BEGIN Data listing

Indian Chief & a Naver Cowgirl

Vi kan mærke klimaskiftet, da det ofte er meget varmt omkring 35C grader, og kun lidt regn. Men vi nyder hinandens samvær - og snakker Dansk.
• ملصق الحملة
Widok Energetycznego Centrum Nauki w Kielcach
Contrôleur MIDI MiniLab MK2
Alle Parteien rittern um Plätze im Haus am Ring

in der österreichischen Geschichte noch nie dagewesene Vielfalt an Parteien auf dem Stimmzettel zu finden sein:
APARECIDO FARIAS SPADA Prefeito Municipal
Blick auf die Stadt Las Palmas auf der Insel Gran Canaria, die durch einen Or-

END Data listing
BEGIN Data listing

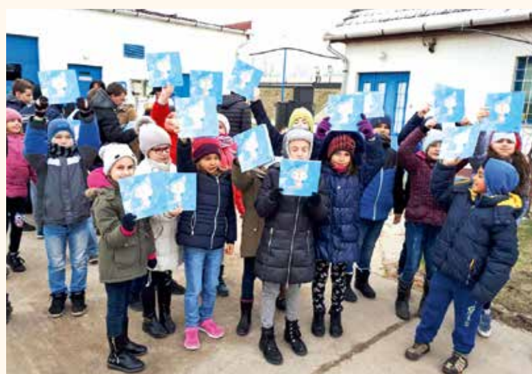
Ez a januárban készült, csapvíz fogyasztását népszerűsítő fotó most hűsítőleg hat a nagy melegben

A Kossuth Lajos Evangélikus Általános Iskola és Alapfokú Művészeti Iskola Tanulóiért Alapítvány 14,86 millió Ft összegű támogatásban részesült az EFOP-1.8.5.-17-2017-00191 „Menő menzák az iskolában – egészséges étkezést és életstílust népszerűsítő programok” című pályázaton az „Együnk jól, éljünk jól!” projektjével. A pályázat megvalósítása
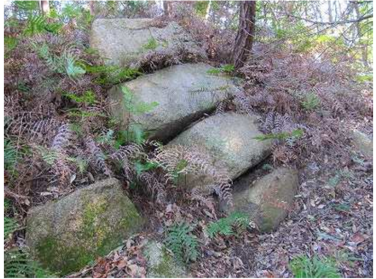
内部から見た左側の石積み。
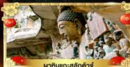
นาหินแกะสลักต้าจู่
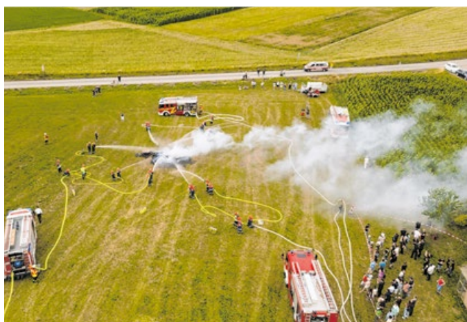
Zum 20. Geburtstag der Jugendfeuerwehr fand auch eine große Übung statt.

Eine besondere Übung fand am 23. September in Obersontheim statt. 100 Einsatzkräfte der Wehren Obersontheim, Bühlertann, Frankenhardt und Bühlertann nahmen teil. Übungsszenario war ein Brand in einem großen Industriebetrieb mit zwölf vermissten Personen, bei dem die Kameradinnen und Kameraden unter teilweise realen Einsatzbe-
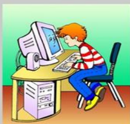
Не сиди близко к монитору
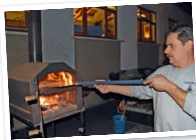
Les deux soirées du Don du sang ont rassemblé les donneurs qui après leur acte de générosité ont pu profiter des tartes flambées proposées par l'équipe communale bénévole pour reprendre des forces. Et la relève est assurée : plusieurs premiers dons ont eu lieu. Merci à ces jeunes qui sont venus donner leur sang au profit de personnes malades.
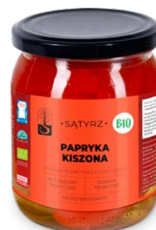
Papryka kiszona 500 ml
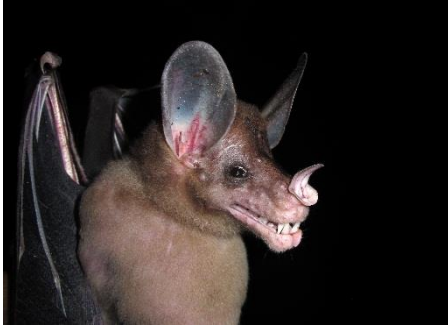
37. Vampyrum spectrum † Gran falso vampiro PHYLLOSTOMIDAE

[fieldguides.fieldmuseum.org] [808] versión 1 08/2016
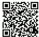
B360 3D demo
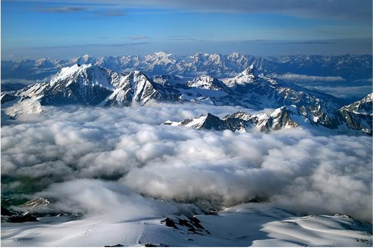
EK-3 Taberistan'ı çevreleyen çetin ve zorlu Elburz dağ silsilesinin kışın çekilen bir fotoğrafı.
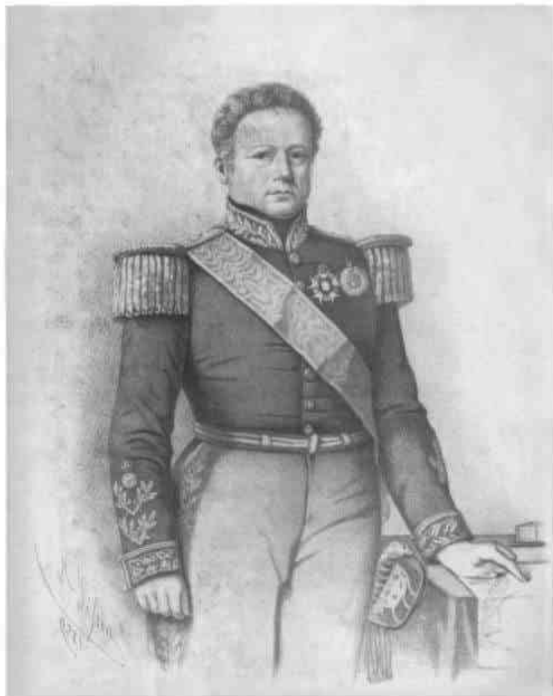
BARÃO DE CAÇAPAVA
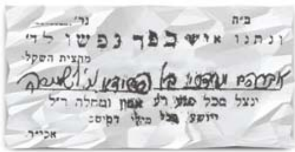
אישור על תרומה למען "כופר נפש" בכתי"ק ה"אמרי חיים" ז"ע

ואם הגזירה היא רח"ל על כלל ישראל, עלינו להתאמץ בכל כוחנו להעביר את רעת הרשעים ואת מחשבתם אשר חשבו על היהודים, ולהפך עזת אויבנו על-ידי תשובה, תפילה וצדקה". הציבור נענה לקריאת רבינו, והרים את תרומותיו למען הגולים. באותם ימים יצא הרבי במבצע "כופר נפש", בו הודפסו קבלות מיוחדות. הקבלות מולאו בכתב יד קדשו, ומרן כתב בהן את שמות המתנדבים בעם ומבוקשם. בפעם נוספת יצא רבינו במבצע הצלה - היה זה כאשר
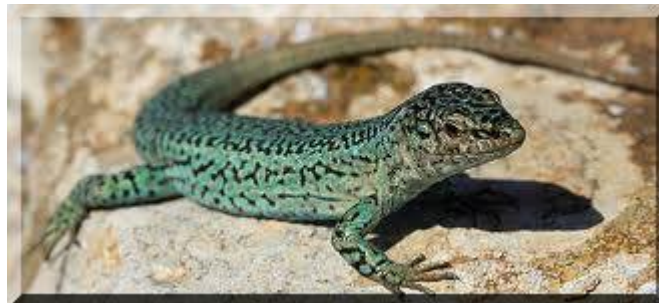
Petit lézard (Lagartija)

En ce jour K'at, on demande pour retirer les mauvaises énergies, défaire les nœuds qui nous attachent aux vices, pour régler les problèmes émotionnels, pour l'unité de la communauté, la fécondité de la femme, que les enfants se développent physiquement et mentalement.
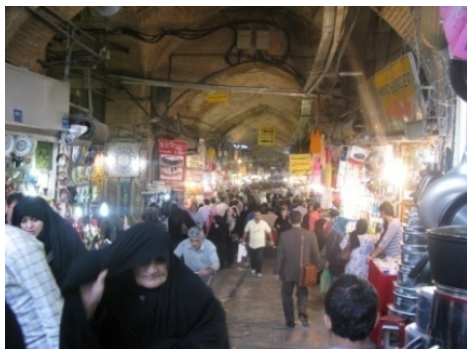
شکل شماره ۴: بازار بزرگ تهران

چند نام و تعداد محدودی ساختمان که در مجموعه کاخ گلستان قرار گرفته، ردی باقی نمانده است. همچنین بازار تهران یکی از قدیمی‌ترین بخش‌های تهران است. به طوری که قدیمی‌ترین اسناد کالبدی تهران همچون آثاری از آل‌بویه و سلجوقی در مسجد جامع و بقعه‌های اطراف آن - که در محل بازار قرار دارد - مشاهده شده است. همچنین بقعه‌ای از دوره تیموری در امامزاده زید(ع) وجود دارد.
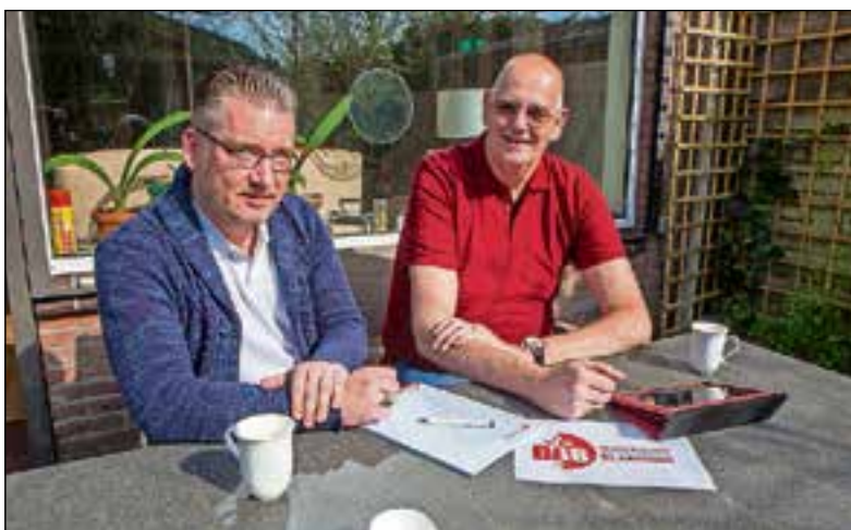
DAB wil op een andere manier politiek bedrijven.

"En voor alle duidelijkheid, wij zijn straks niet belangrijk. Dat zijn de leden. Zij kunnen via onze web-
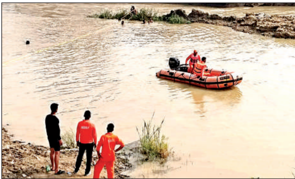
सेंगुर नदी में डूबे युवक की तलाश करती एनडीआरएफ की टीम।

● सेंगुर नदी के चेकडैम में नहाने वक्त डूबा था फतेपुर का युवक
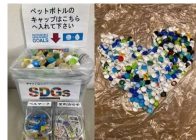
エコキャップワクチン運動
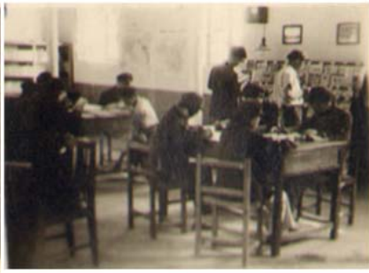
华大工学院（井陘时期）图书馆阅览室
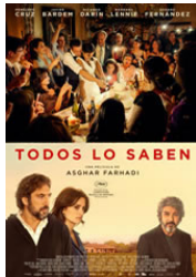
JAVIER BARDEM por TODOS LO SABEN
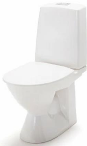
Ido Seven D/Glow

END Data listing

Instructions for the task → Would you retype the lines above from the one with "APARECIDO FARIAS SPADA Prefeito Municipal" down to the one with "Blick auf die", word for word, both ends included and no other lines?

Problem solution →
APARECIDO FARIAS SPADA Prefeito Municipal
Blick auf die Stadt Las Palmas auf der Insel Gran Canaria, die durch einen Or-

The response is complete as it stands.